The eight-week training course costs just £50 per family and shows parents how to ‘take charge’ of the family’s diet.

It has been successfully trialled in Leeds, achieveing more than a six per cent fall in obesity rates overall. In the most deprived areas, the figure was ten per cent. Now there are calls to roll out the scheme across the country.

Goodness knows we need it. One in five children will be obese by the time they leave primary school. A third will be overweight.

This is an appalling state of affairs that wrecks futures.

An overweight child has an 80 per cent chance of being a fat adult with all the attendant health risks — diabetes, heart disease, cancer etc.

If a child is identified as severely underweight, then social services are only too quick to intervene. Why don’t they do the same when a child is obese?

We need to be tougher on the parents of overweight children, and schools and local authorities must take greater responsibility for helping people better understand the consequences of poor diet and how to eat healthily.

What’s happened in Leeds is the way forward. 

Hundreds of thousands of patients diagnosed with Alzheimer’s may instead have Late disease, according to research published this week in the journal Brain.

Late stands for Limbic-predominant Age-related TDP-43 Encephalopathy and occurs when the protein TDP-43 acquires an abnormal structure causing brain shrinkage and damage.

The disease mimics Alzheimer’s but is fundamentally different.

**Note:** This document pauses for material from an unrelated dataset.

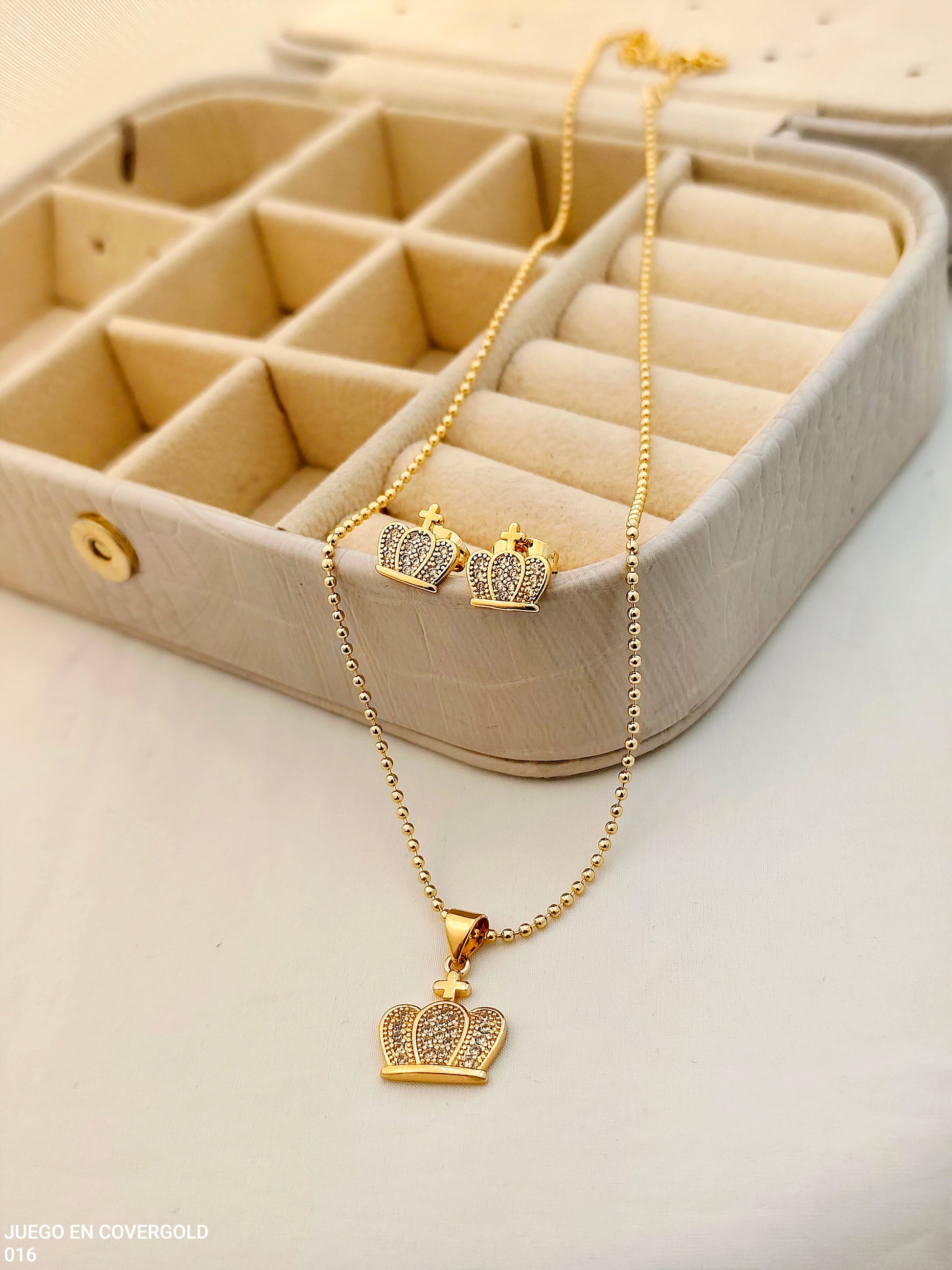 Juego en covergold pegado con diseño de corona, elegante y delicado, ideal para añadir un toque sofisticado y real a tu look diario. ✨👑

This is a giant leap in understanding dementia and explains why there is so much variation in the way people diagnosed with Alzheimer’s respond to drug treatment and how their condition progresses.

It’s now clear that it’s because they have different diseases. The finding opens up the possibility for better, targeted treatments in the future — and hopefully, one day, a cure.

Game Of Thrones fans have been in raptures over this week’s episode, The Long Night. It was an epic battle sequence that lasted more than an hour.

The actors spoke about the rigours of filming it. They complained that nothing could have prepared them for 55 consecutive 11-hour night shoots and their resulting exhaustion.

Please! They’ve obviously never done a night shift in A&E. Just like Game Of Thrones, there are lots of fights, zombies (drunks), and even the odd dragon (some senior nurses).

But unlike mollycoddled actors, A&E staff are expected to do it night after night, with little thanks.

They’d certainly give Jon Snow, Arya and Brienne of Tarth a run for their money.